Credit scores and the housing slump
It’s not often that I recommend articles (or anything else) from the local newspaper, but Rita Savard has an excellent and timely piece today about the adverse impact of credit scores on the home mortgage market. For months lawyers and others in real estate have told me of potential home buyers who’ve been pre-approved by lenders, had signed P&S agreements and have been only days away from closing only to have their financing pulled because of some blip on their credit score – something as simple as buying a new appliance on a credit card. My sense is that the credit agencies and the lenders, once so lax that all that was needed to qualify for a big loan was to be standing upright and breathing, have now gone too far in the other direction and are contributing to the current stagnation in real estate with excessively strict evaluation of risk.
Contrary to your “sense” ( or lack thereof), I believe that a ‘blip’ on a credit score is clear evidence of inability to manage one s finances – i.e., failure to pay bills on time. What better reason for a lender to reject a mortgage loan. That to me is not “going too far in the other direction”.
So Doug, when you buy a new washer at Lowe’s and put it on your charge card and your credit score changes, that’s “clear evidence of inability to manage [your] finances”?

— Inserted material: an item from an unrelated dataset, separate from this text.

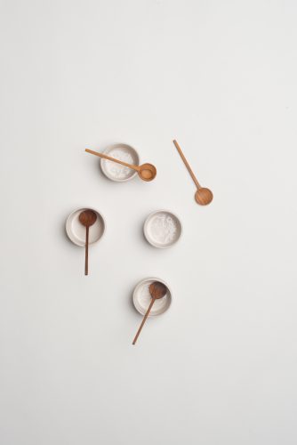 teak spoon and white salt cellar for rent for weddings and special events in charlottesville virginia

I’m not talking about someone who defaults on payments or is otherwise clearly in financial difficulty. If the lenders had avoided handing hundreds of thousands of dollars to people in that position five years ago we wouldn’t be in the disastrous economic straights we’ve experienced for the past two years.

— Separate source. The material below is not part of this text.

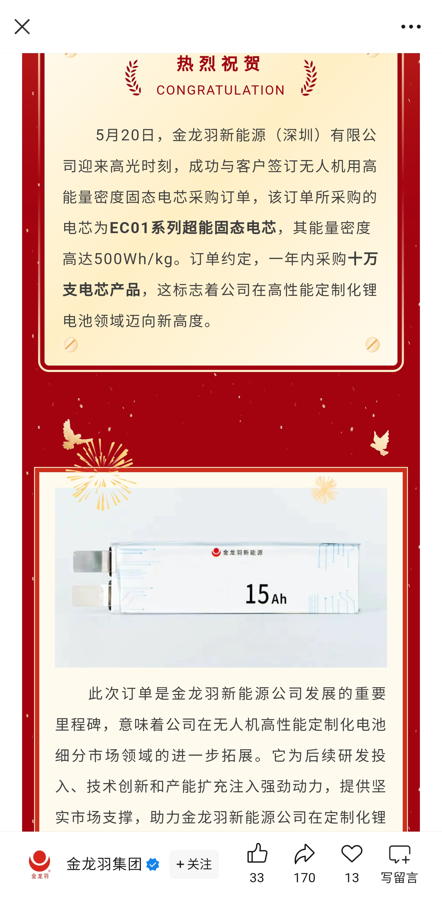 金龙羽这个不是小作文,官方公众号中午发的喜报,开盘就拉涨停了

I’m talking about a slavish devotion to a relatively arbitrary mathematical process that is currently keeping people who are good credit risks from purchasing homes. Here’s a real world example: A guy has a $10K credit limit on his charge card and is carrying $5K of charges and has never been late on a payment and has never had a blemish on his credit record. He transfers the balance to another card and that bank decides to drop his credit limit to $5K. Well on his credit score, he’s gone from having 50% available credit usage to having 100% available usage and his credit score plummets. But what’s changed? I’d argue he’s now a better credit risk because he can’t suddenly ring up another $5K in charges but that’s not the way the system works. Suddenly, he’s no longer eligible for the $150K home mortgage he was pre-approved for and the P&S agreement he had signed falls through. That’s what’s happening these days, over and over again.

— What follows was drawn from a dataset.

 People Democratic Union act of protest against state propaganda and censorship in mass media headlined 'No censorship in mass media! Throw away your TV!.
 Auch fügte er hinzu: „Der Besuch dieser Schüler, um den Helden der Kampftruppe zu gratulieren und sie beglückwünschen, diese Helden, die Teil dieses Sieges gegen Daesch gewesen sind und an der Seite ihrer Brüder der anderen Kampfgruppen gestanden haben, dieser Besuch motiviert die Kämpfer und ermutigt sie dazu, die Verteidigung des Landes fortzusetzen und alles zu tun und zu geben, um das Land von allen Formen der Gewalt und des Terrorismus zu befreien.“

Dick – I do appreciate your perspective, but I disagree with your analysis. When you purchase anything using your credit card, you should expect that a reduction in your credit worthiness. People with good credit ratings will always be able to buy a home – if it meets the bank established criteria. Arbitrary – yes – perhaps – but real world – absolutely. Without dating myself, I struggled with qualifying or my first home – I needed 25% down of my take home pay (or 33% of my gross). I must have worked the numbers HUNDREDS of times before deciding on a lesser home than I wanted but perfectly suited to my family’s needs. And….this was before I ever had a credit card!!!.
We may have evolved to “a slavish devotion to a relatively arbitrary mathematical process”, but the alternatives suck.
Citing your example, someone with a 10K credit limit owing 5K sounds an alarm for me – especially if he/she opens a new credit card – what is this person trying to prove????.
Again, lots of room for debate here, but remember how far we have evolved from just a generation ago where people actually lost sleep when they fell in arrears.